Understanding how much the bifactor model’s fit propensity could bias model comparison results (e.g., Bonifay & Cai, 2017; Preacher, 2006) is crucial because of the way those results could be used. For instance, the dimensional structure confirmed in data could inform the theoretical framework of the measured trait, inform the necessary measurement model to scale the respondents, and be used as evidence for the internal structural aspect of validity as outlined in Standards for Educational and Psychological Testing (American Educational Research Association et al., 2014). We note that there is much further debate surrounding the bifactor model in the literature, including criticisms (Bonifay et al., 2017; Sellbom & Tellegen, 2019), overviews (Markon, 2019), and illustrations of the utility of the model (Hansen et al., 2014; Stucky & Edelen, 2015). We emphasize upfront that clues other than from pure evaluation of model fit—such as the size and direction of the general and specific item discrimination estimates—should be inspected, and a strong theoretical justification for conceptualizing the measured trait with a bifactor structure should exist. However, model fit is often the first step of a dimensionality analysis, and ideally, it is desirable if the model fit conclusions align with other steps in determining the most appropriate dimensional structure of the data.
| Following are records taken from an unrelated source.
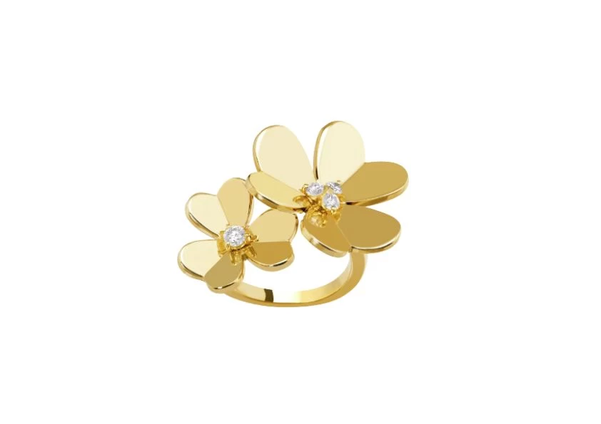 Introducing the exquisite Preloved: Frivole Between the Finger ring by Van Cleef & Arpels. Crafted with utmost precision, this stunning ring showcases the perfect blend of elegance and sophistication. Made from 18K yellow gold, it exudes a radiant glow that complements any attire. Adorned with four dazzling round diamonds, totaling 0.25 carats, this ring is a true symbol of luxury. The diamond quality ranges from DEF, ensuring exceptional clarity and brilliance, to IF, guaranteeing flawless beauty. With a clarity that surpasses even VVS standards, each diamond sparkles with unparalleled radiance. The Frivole Between the Finger ring is designed to captivate attention. Its unique and contemporary style allows it to be worn between the fingers, making it a distinctive and eye-catching piece. Whether for a special occasion or everyday wear, this ring effortlessly adds a touch of glamour to any ensemble. With its timeless design and exceptional craftsmanship, the Preloved: Frivole Between the Finger ring is a true testament to Van Cleef & Arpels' legacy of creating extraordinary jewelry. Indulge in the allure of this remarkable piece and elevate your style to new heights.
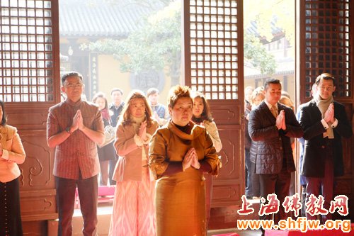 2014年12月4日,泰王国驻沪总领事馆总领事芙诗功女士率团前来上海龙华古寺,祈请龙华古寺法师念经祈祷,仰仗佛力法力僧力为泰王国国王祈福。
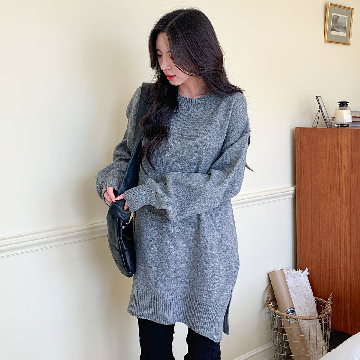 라프에 벌룬슬리브 밑단 트임 루즈핏 롱 니트
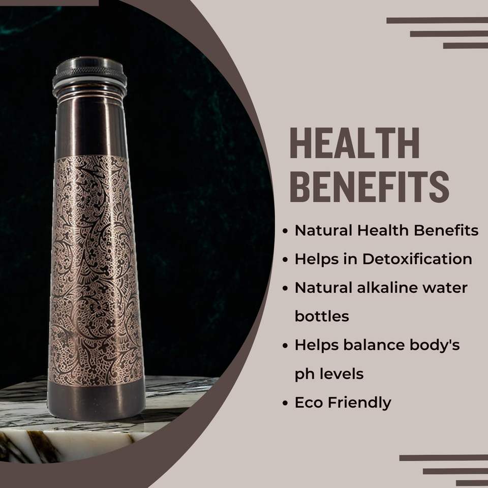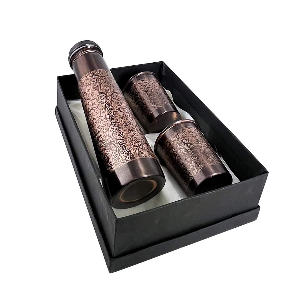 Ensemble de bouteille et de verres en cuivre pur de qualité supérieure, étanche, bouteille en cuivre pur étanche avec 2 verres, bouteille d'eau en cuivre de qualité supérieure
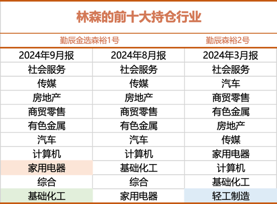 勤辰金选森裕1号截至9月底时的前五大持仓行业(申万一级)分别是:社会服务、传媒、房地产、商贸零售和有色金属,合计占据56%左右的比例。
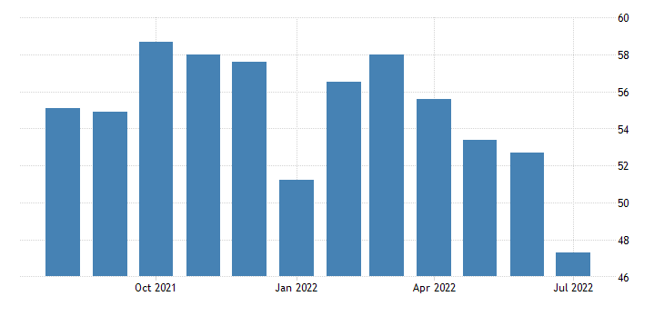 Per quanto riguarda il settore dei servizi, il PMI rilasciato da Markit Economics registra il quarto mese consecutivo in calo scendendo sotto quota 50 punti. Il dato è passato dai 52,7 punti di giugno ai 47,3 punti di luglio (dato comunque superiore a quello preliminare di 47,0 punti).
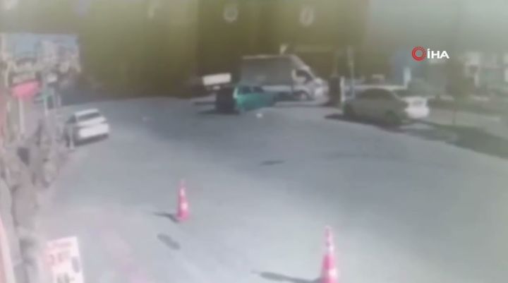 Bursa'da otomobil yolu ortalamayınca karşıdan gelen otomobille kafa kafaya çarpıştı. Kaza anı güvenlik kamerasına anbean yansıdı.
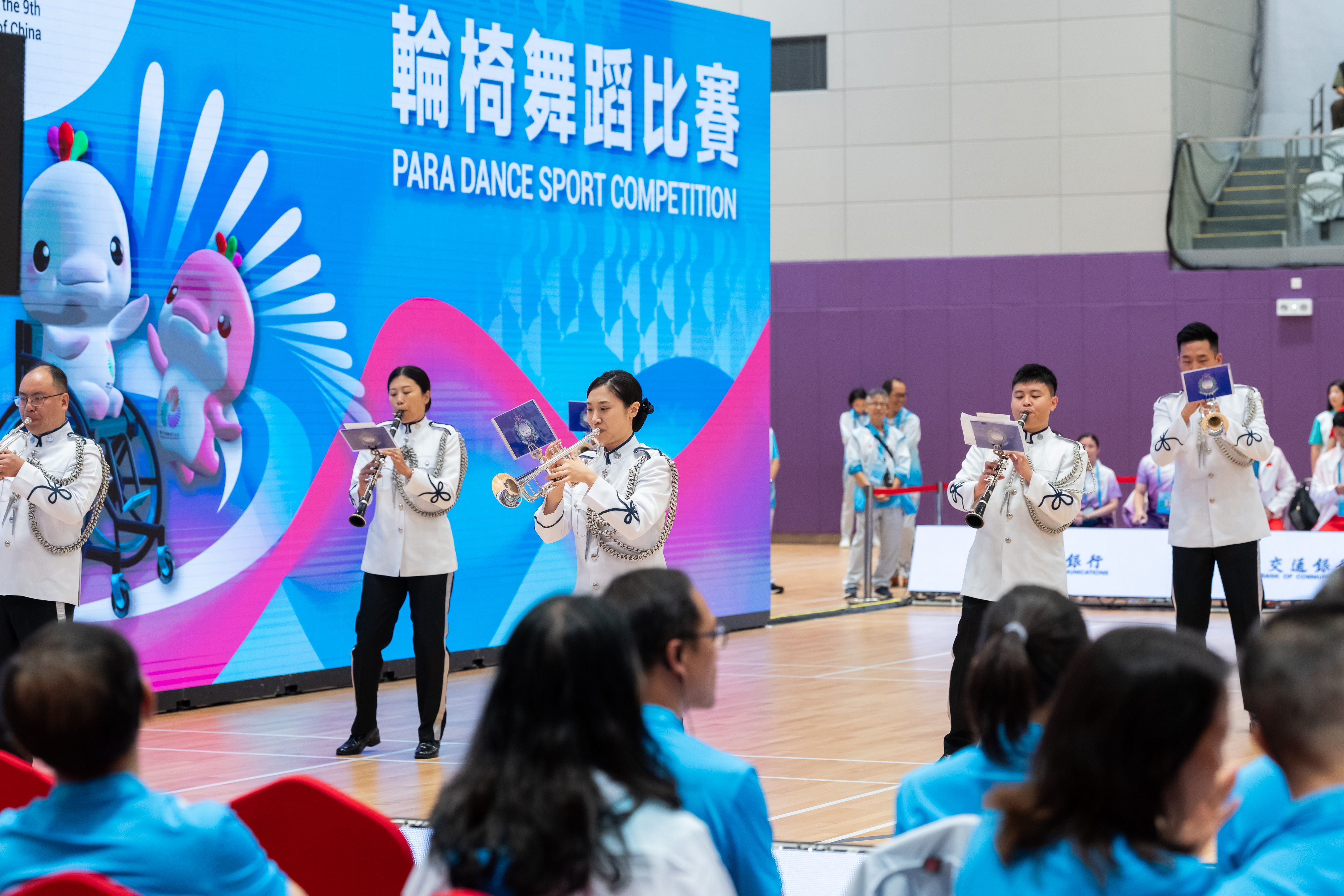 而入境處樂隊更獲邀為9月6日舉行的輪椅舞蹈群眾比賽作開幕暖場表演。他們亦是首支參與「十五運會」和「殘特奧會」表演的紀律部隊樂隊。當日,樂隊演奏了兩首動感舞曲《Y.M.C.A.》及《失戀》,並進行花式步操,拼出IMMD字樣,更和現場觀眾積極互動,為比賽揭開序幕。

Because of the implications incorrect conclusions from a dimensionality analysis could have in practice, we conducted a simulation study to investigate whether nested-dimensionality IRT models were favored over non-nested-dimensionality IRT models in situations in which the latter were the true models. For this study, the nested-dimensionality models included the bifactor model and the two-tier model (Cai, 2010). We included the two-tier model in our study because of the relationship between that model and the bifactor model. The former can be viewed as an extension of the latter, or conversely, the bifactor model can be viewed as a special case of the two-tier model (Cai, 2010), as the two differ with respect to the number of primary dimensions within which the secondary dimensions are nested. Therefore, if the bifactor model could be automatically favored over simpler models, then the two-tier model could be as well.
In our simulation study, we generated data to represent specific dimensional structures, with some being nested-dimensionality structures and others being non-nested-dimensionality structures. By generating data in this way, we were able to determine how much a nested-dimensionality model’s fit propensity could bias model comparison results. We also used Bayesian estimation methods for the IRT models rather than marginal maximum likelihood estimation because Bayesian estimation is suitable for smaller samples (Fujimoto & Neugebauer, 2020) and high-dimensional spaces (Fox, 2010), such as spaces often explored with nested-dimensionality models. To determine which model was the most appropriate for the data, we compared them with respect to predictive performance of the data. Our study, then, was designed to demonstrate which Bayesian predictive performance indices are more likely to accurately identify whether nested- or non-nested-dimensionality structures are represented in the data, making our findings useful to practitioners.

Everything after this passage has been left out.